She sends him off as the Kitty Dwarfs and trio all march off towards the mine in the Glitter Hills. Meanwhile, the Queen is in her lab making a new disguise as well as a new spell to place on Snow White. She dips a gold comb with three green jewels in the handle in a small bubbling pot, taking it out.
Queen: Perfect. Now a new disguise.
She pours from another pot a liquid from a ladle into a cup then drinks it, turning into a gypsy man with colorful clothes.
Queen: Perfect. No one will suspect me in this disguise.
She teleports to Rainbow Mountain. At the Glitter Hills mine, Spook, Fancy, Choo-Choo and Mr. Jinks get to work picking away for jewels with their picks and shovels, Stargazer sniffs out any that are really deep down then digs them up with her claws or using her tail like a shovel or jackhammer. The Kitty Dwarfs and trio sing as they work.
Kitty Dwarfs:
We dig-dig-dig-dig-dig-dig-dig in our mine the
whole day through
To dig-dig-dig-dig-dig-dig-dig is what we really like to do
Choo-Choo:
It ain't no trick to get rich quick
Mr. Jinks:
If you dig-dig-dig with a shovel or a pick
Fancy-Fancy:
In a mine!
(Echo: In a mine!)
Spook:
In a mine!
(Echo: In a mine!)
Kitty Dwarfs:
Where a million diamonds…
Stargazer pops out of a hole in the ground she had just dug up with one claw on her chest and the other outstretched.
Stargazer:
Shine!
Benny and Moonstone pull a mine cart out of the tunnel, Benny pulling a rope over his shoulder while Moonstone wears a harness attached to a rope.
Kitty Dwarfs:
We dig-dig-dig-dig-dig-dig-dig from early morn till night
We dig-dig-dig-dig-dig-dig-dig up everything in sight
Over in his inspection room, TC gently hammers a diamond which makes a ringing sound and he happily puts it in a box of unsorted gems, but when hammering a ruby, it produces a clanking sound which makes TC throw it away.
We dig up diamonds by the score
A thousand rubies, sometimes more
But we don't know what we dig 'em for
We dig-dig, dig-a-dig, dig
Brain sweeps up the useless gems thrown away then dumps them in a dumpster, Inferno also sweeps up around, using his tail feathers like a broom. TC looks through a magnifier at one emerald as Brain comes by. He sees two diamonds, picks them up then tugs on TC's vest to get his attention.

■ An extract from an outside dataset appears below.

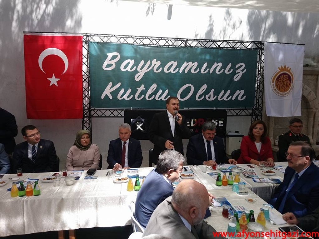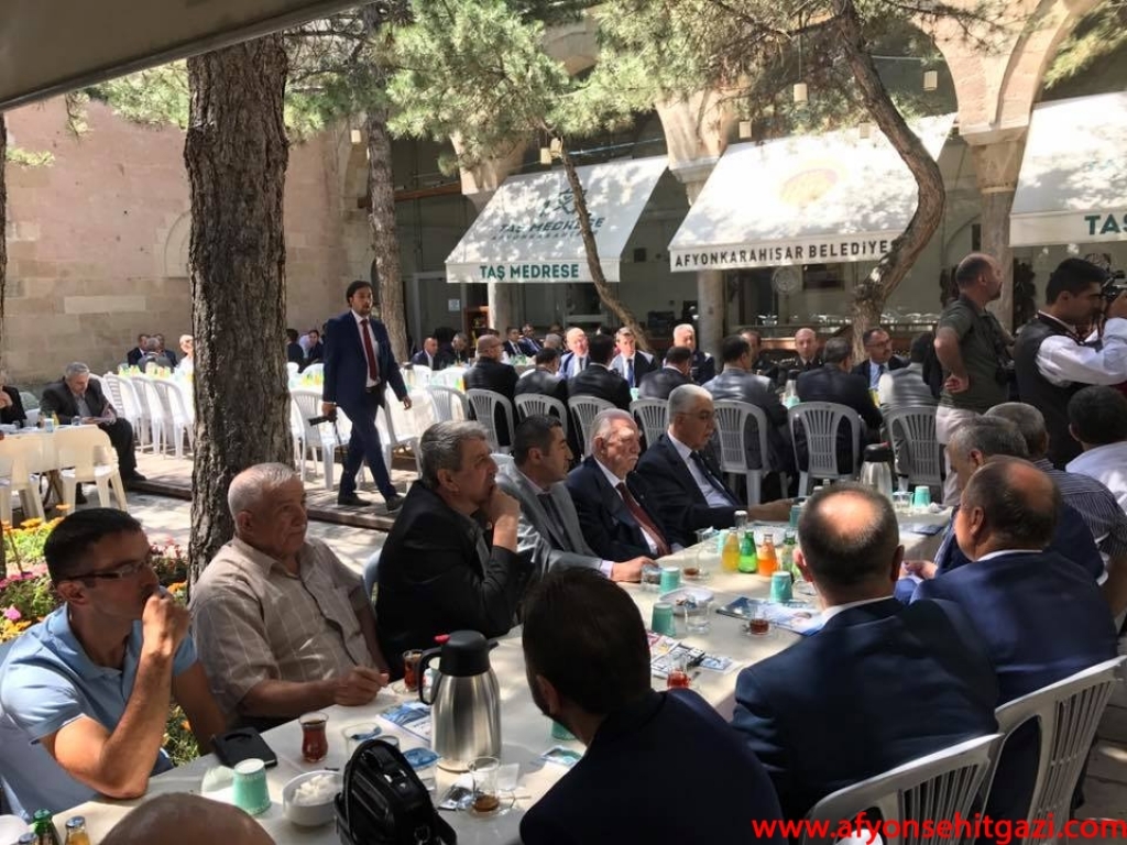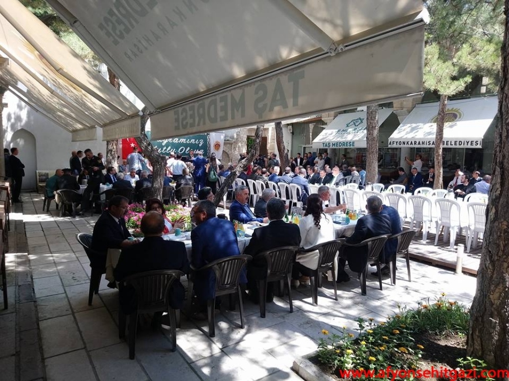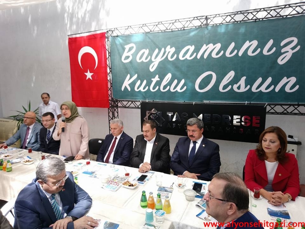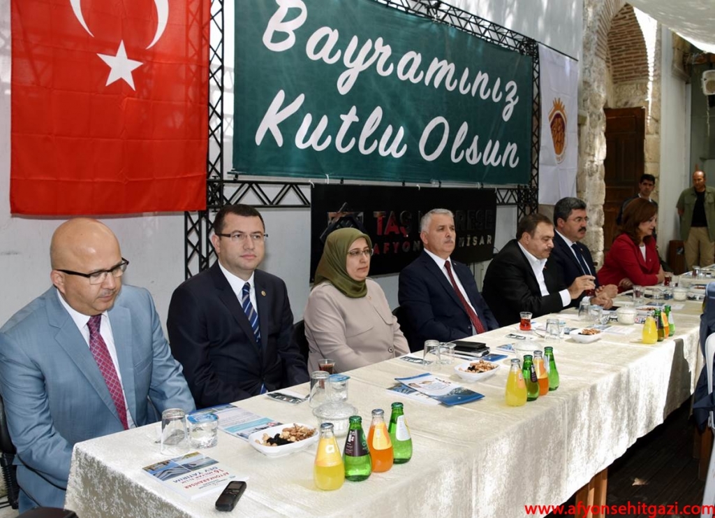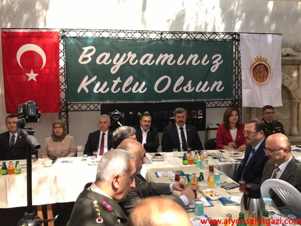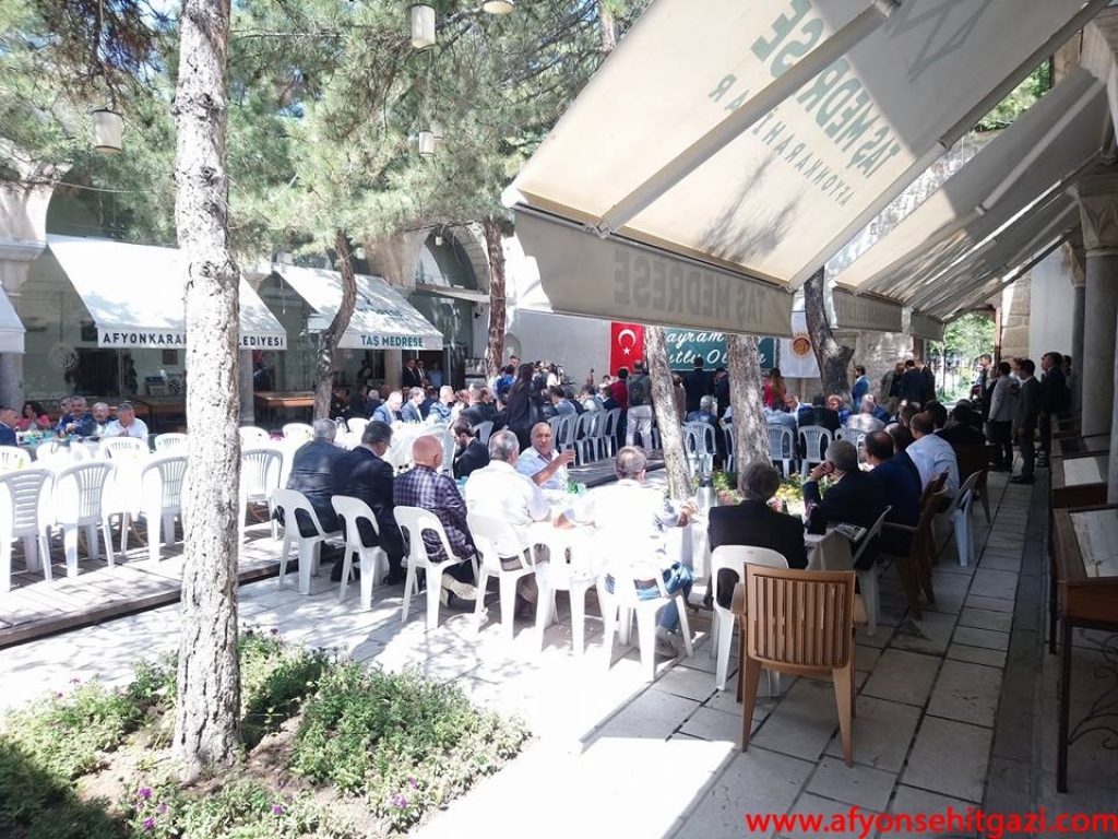 Ramazan Bayramının ikinci günü Taş Medrese’de yapılan bayramlaşma programına, Orman ve Su İşleri Bakanımız Sayın Prof. Dr. Veysel Eroğlu ve Valimiz Aziz Yıldırım’ın yanı sıra Milletvekillerimiz Ali Özkaya, Hatice Dudu Özkal, Burcu Köksal ve Mehmet Parsak, İkmal ve Garnizon Komutanı Tuğg. Şahin Kılıçaslan, Belediye Başkanı Burhanettin Çoban, AKÜ Rektörü Prof. Dr. Mustafa Solak, Baro Başkanı Av. Turgay Şahin, İl Genel Meclisi Başkanı Salih Sel, Türkiye Harp Malülü Gaziler Şehit Dul ve Yetimleri Derneği Afyonkarahisar Şube Başkanı İsmail Kumartaşlı,Şehit Aileleri,Orman ve Su İşleri Bakanlığı üst düzey yöneticileri, İl Müdürleri, sivil toplum örgütü temsilcileri, siyasi partilerin il başkanları ve temsilcileri katıldı.

He looks and sees Brain with the diamonds in his eyes, disapproving, TC bops Brain on forehead making the diamonds fall back on the desk.
Inferno: (Chortling)
Benny: Y'know, I can't help but feel one of us should've stayed to protect her.
Brain: Duh, her who?
Benny: You know.
Brain: I do?
Inferno: Yeah, the girl.
Brain: Duh, Moonstone?
Benny: No, the other girl.
Brain: Stargazer?
Top Cat: (Rolls eyes, sighs) He means Snow White, lunkhead.
Brain: Uh, why didn't you say so?
Benny: I did.
Spook: Hey like, lay off, cats, we can't protect her twenty-four-seven.
Inferno: You're right, Spook, she's gotta learn to take care of herself.
Moonstone: But like Stargazer, Inferno and I, she's barely a child.
Top Cat: 'Fraid the sad fact of life is, guys, even young'uns like you three and Snow White must learn to take care of themselves.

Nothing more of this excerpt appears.